I have a struct that contains only an AtomicUsize, and I'd like to be able to pass instances of it to threads. Obviously, two threads can load/store values to the field safely, but I'm struggling to convince the compiler of this. The only method I've been able to come up with is to wrap waaaay too many things in Arc and use a handful of clone() and make_mut() calls. The full code can be found here: Rust Playground

While this compiles and works, it feels like I'm doing something wrong:

#[derive(Clone)]
struct foo {
    bar: Arc<AtomicUsize>, // Need the Arc<> so I can derive as Clone
}

fn main() {
    let mut a = Arc::new(foo::new());
    // not sure why I have to make_mut and clone here
    let mut clone_a = Arc::make_mut(&mut a).clone();
    
    thread::spawn(move || {
        clone_a.increase();  
    });

    Arc::make_mut(&mut a).increase();
}

Any help would be greatly appreciated!

1 Like

First of all, you don't need to use Arc inside foo to get Clone; you can just implement Clone manually.

Secondly, the reason you need make_mut is because you told the compiler you needed mutable access to bar... but it's an AtomicUsize, so you don't. So just don't do that.

At which point it just works:

use std::sync::Arc;
use std::sync::atomic::{AtomicUsize, Ordering};
use std::thread;

struct Foo {
    bar: AtomicUsize,
}

impl Foo {
    pub fn new() -> Foo {
        return Foo { bar: AtomicUsize::new(32) };
    }
    
    pub fn increase(&self) {
        self.bar.fetch_add(1, Ordering::AcqRel);
    }
}

impl Clone for Foo {
    fn clone(&self) -> Self {
        Foo {
            bar: AtomicUsize::new(self.bar.load(Ordering::SeqCst)),
        }
    }
}

fn main() {
    let a = Arc::new(Foo::new());
    let clone_a = a.clone();
    
    thread::spawn(move || {
        clone_a.increase();  
    });

    a.increase();
}
3 Likes

@DanielKeep, thanks for the help! I never looked at the signature of fetch_add, because I just assumed it would be &mut self. It feels odd that it doesn't need to be, but happy that it isn't because it makes all this work.

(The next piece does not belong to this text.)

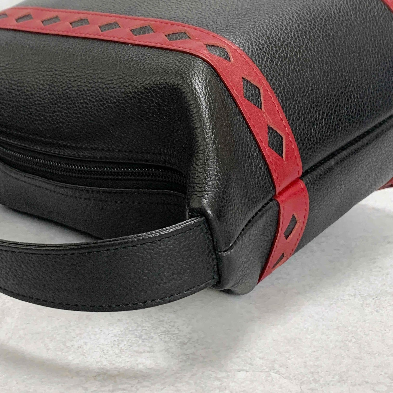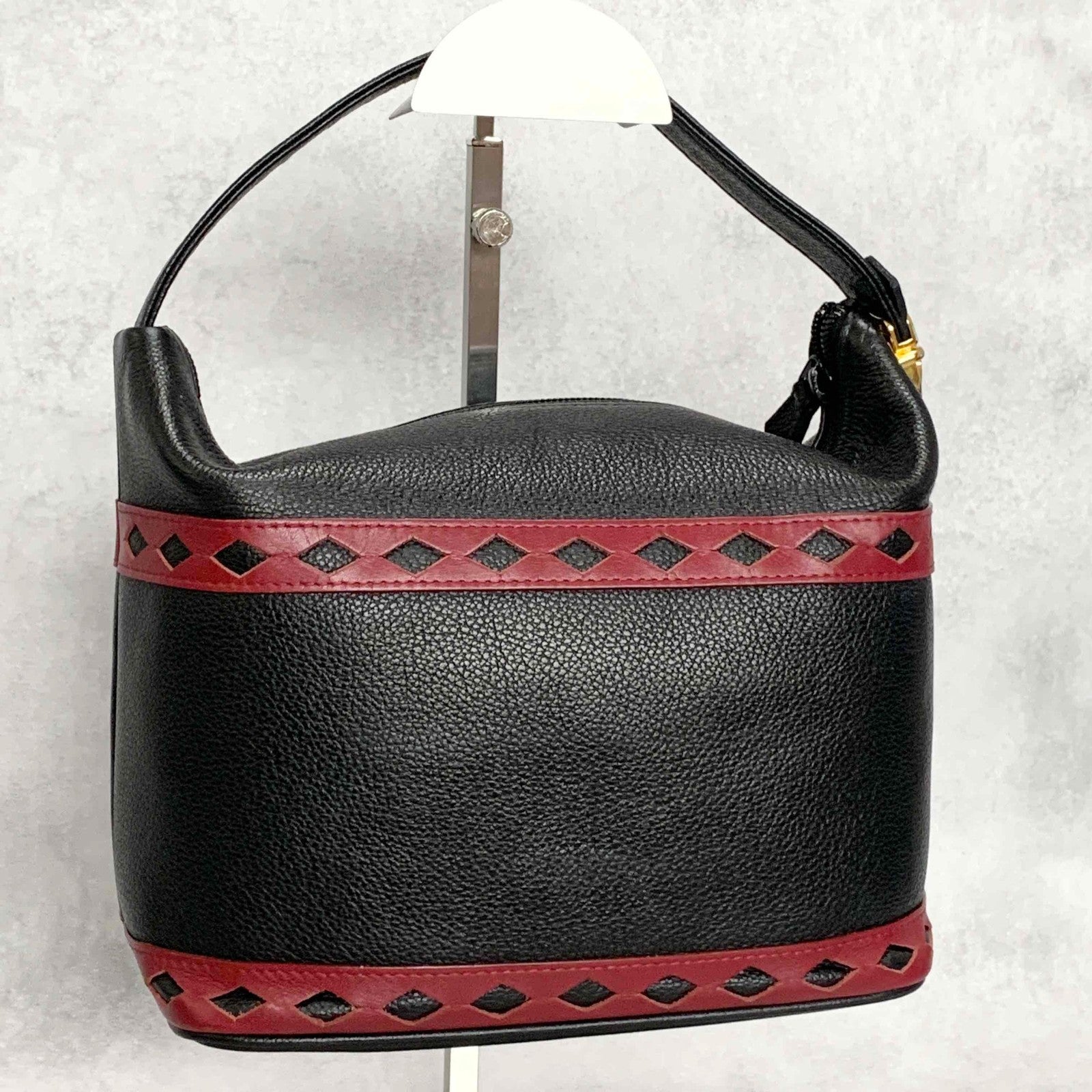 Saint Laurent Vanity Bag Logo YSL Black Red Authentic Leather Vintage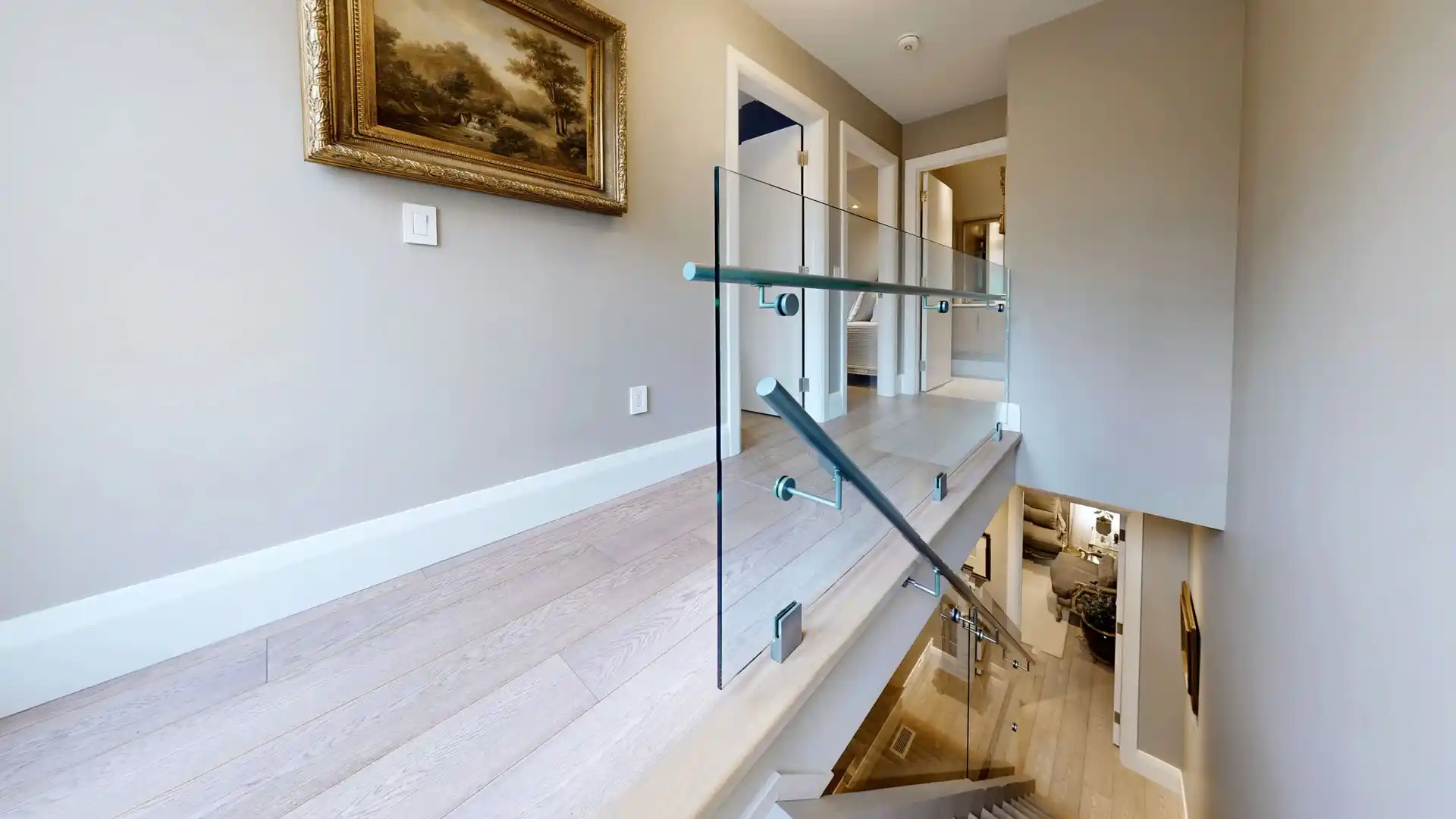 Discover this custom-built masterpiece in prestigious Mineola on a premium 75 x 100 ft lot. Designed for comfort and sophistication, this stunning residence boasts 42 bedrooms, 4.5 bathrooms, and over 4,700 sq. ft of beautifully finished living space across three levels. Step through the front entry to soaring coffered ceilings, wide-plank engineered hardwood floors, and a floating spiral staircase wrapped in natural light. The main level integrates design and function with built-in speakers, ambient LED cove lighting, and oversized picture windows that creates a warm yet modern aesthetic. The formal open concept dining room offers backyard views, while the family room is defined by a full-height book-matched fireplace wall that adds architectural charm.The chefs kitchen is both beautiful and efficient, featuring an oversized waterfall quartz island, integrated panelled appliances, and a custom cabinetry. Upstairs, four spacious bedrooms offer walk-in closets and either private or shared ensuite access. The primary suite is a serene escape with tray ceilings, ambient lighting, and a spa-inspired 5-piece ensuite that includes heated floors, a freestanding tub, and a glass shower with gold trim.The finished lower level, accessible via a private walk-up, offers two additional bedrooms, a full kitchen with rough-ins for integrated appliances, a wet bar, and a large family room, ideal for multigenerational living, rental income guest accommodations. Two cold rooms provide additional storage and functionality. Exterior highlights include a double garage, professionally landscaped grounds, and a private driveway for convenient parking. Situated in a prime location close to top-rated schools, waterfront parks/trails, quick access to the QEW, Highway 403 and more!

One last question, why use Ordering::SeqCst in the clone code? I understand it's the most "strict" ordering type... just not 100% sure why it's needed; or really when to pick one over the other.

Updated the code for anyone else who stumbles upon this: Rust Playground

I think that @DanielKeep wrote this code to be generic. If you don't use sequential consistent memory order, the effect of the clone could been before or after other atomic operations.

Maybe for your specific case it could be sufficient an Ordering::Acquire ordering, but you have to carefully evaluate your choice.

If it was, you wouldn't be able to modify it without first acquiring an exclusive lock... which would rather defeat the purpose of having atomic types in the first place.

Because I'm not great at reasoning about ordering, and I didn't want to have to sit down and think about it.

1 Like

@DanielKeep / @dodomorandi - I guess what I'm really asking is, "Can you teach me to fish?"... ie, how should I go about reasoning about which ordering to pick? Not just which one is best for this scenario. Is it safe/OK to just always go with Ordering::SeqCst? Are there actually huge performance implications if I just always pick that? Thanks!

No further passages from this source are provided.